Malva was the daughter of Pablo Neruda the Chilean poet. Born with hydrocephalus and soon disowned by her father, she lived with a foster family in the Netherlands until her death at eight years old, during the Second World War.
In her novel, the poet Hagar Peeters has imagined the dead Malva picking up the pen that slipped from her father’s hand as he died. Peeters gives the girl a voice, and a fascinating life, and has Malva telling the story of her father who, as a revolutionary poet, had to deal with a reactionary Chilean regime. In the afterlife, Malva meets such kindred spirits as Oskar (Die Blechtrommel), James Joyce’s daughter Lucia (a declared schizophrenic) and Arthur Miller’s son Daniel (Down’s Syndrome) – with whom she wisely and wittily comments on life on earth.

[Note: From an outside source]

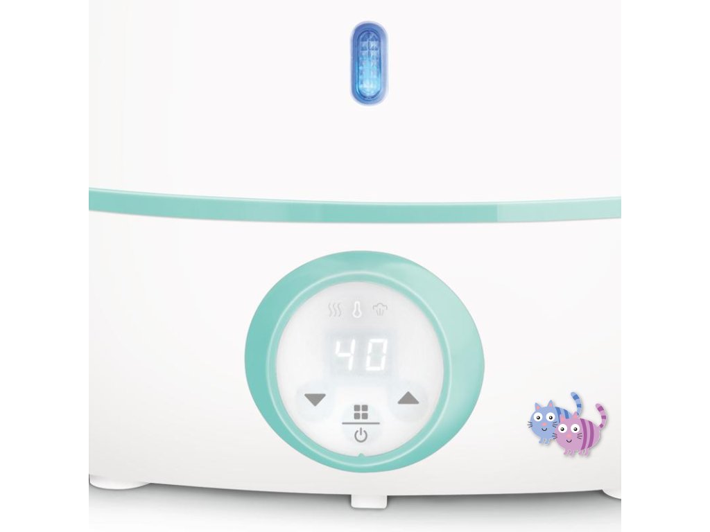 Kromě funkce rychlého ohřevu mléka a dětských příkrmů ohřívač disponuje i funkcí sterilizace. Nemusíte tedy pořizovat další přístroje, abyste udrželi lahvičky a dudlíky vašeho miminka v čistotě. Mód sterilizace zvolíte trojím stisknutím tlačítka na ovládacím panelu. Keep Warm funkce se stará o udržování konstantní teploty mléka v lahvičce, konkrétně 37 °C. Výši teploty si dle potřeby můžete upravit pomocí tlačítek + a – na ovládacím panelu.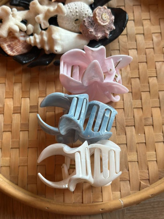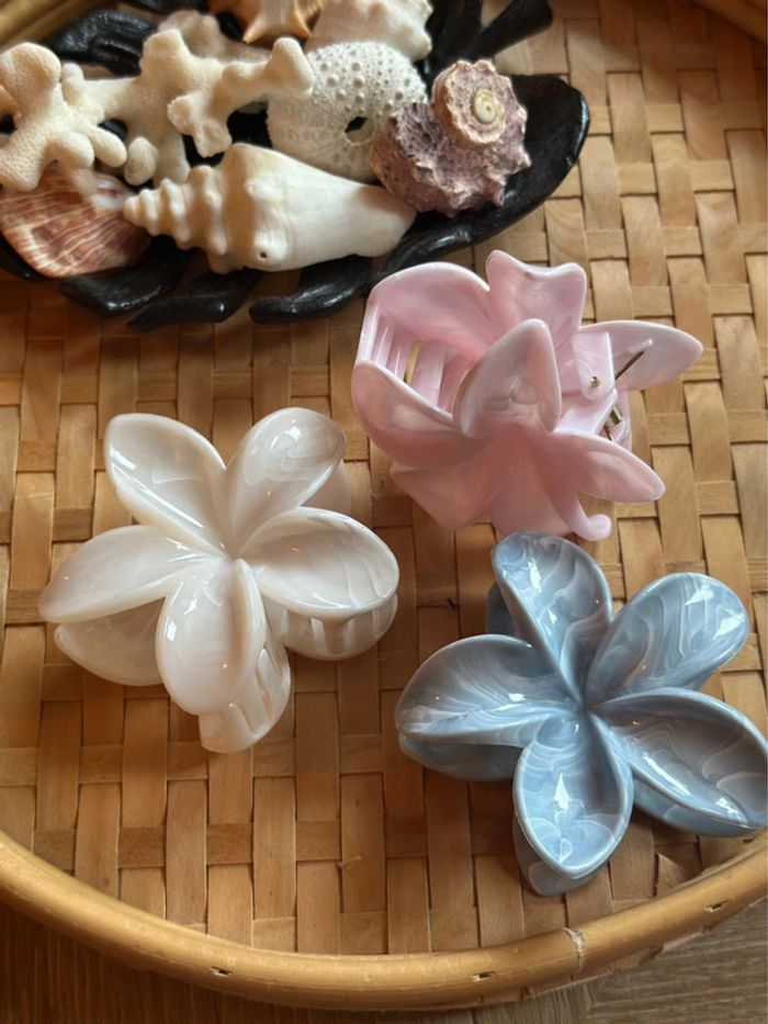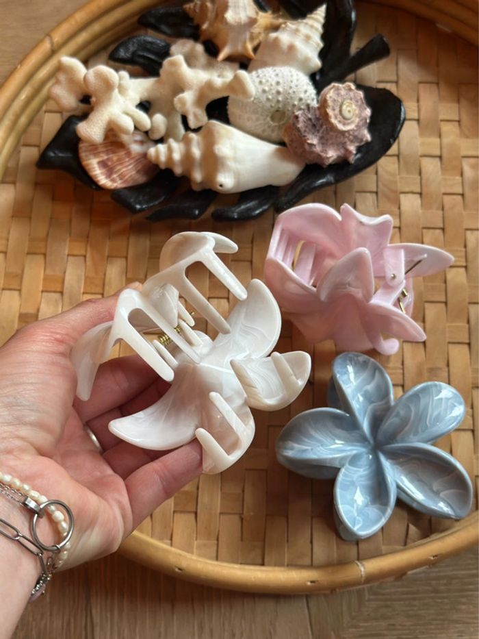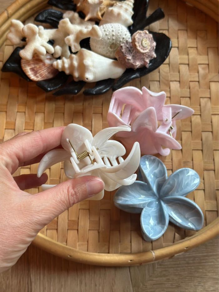 Pinces à cheveux en forme de fleur, neuves et jamais utilisées. Très bonne tenue, parfaites pour attacher les cheveux, même épais. Design élégant et original, idéal pour ajouter une touche stylée à vos coiffures. -> Prix : 3€ la pince - prix fixe • Diamètre 8 cm de large x 6,5 cm de hauteur

Also with them, Malva tries to find an answer to the question which troubles her: how could Neruda, the irreproachable hero who stood up for the forgotten and downtrodden, have denied the existence of his own daughter? She asks Hagar Peeters, whose own father was a journalist in Chile at the time of Neruda’s death and was present at his funeral, to be her ghost writer and help resolve the issue. In the end, it is Socrates who takes up the matter with the great poet.
In Peeter’s poetic hands, Malva is a remarkable and original novel; rather, it is a remarkable and original combination of novel and autobiography, since it involves the author’s own father.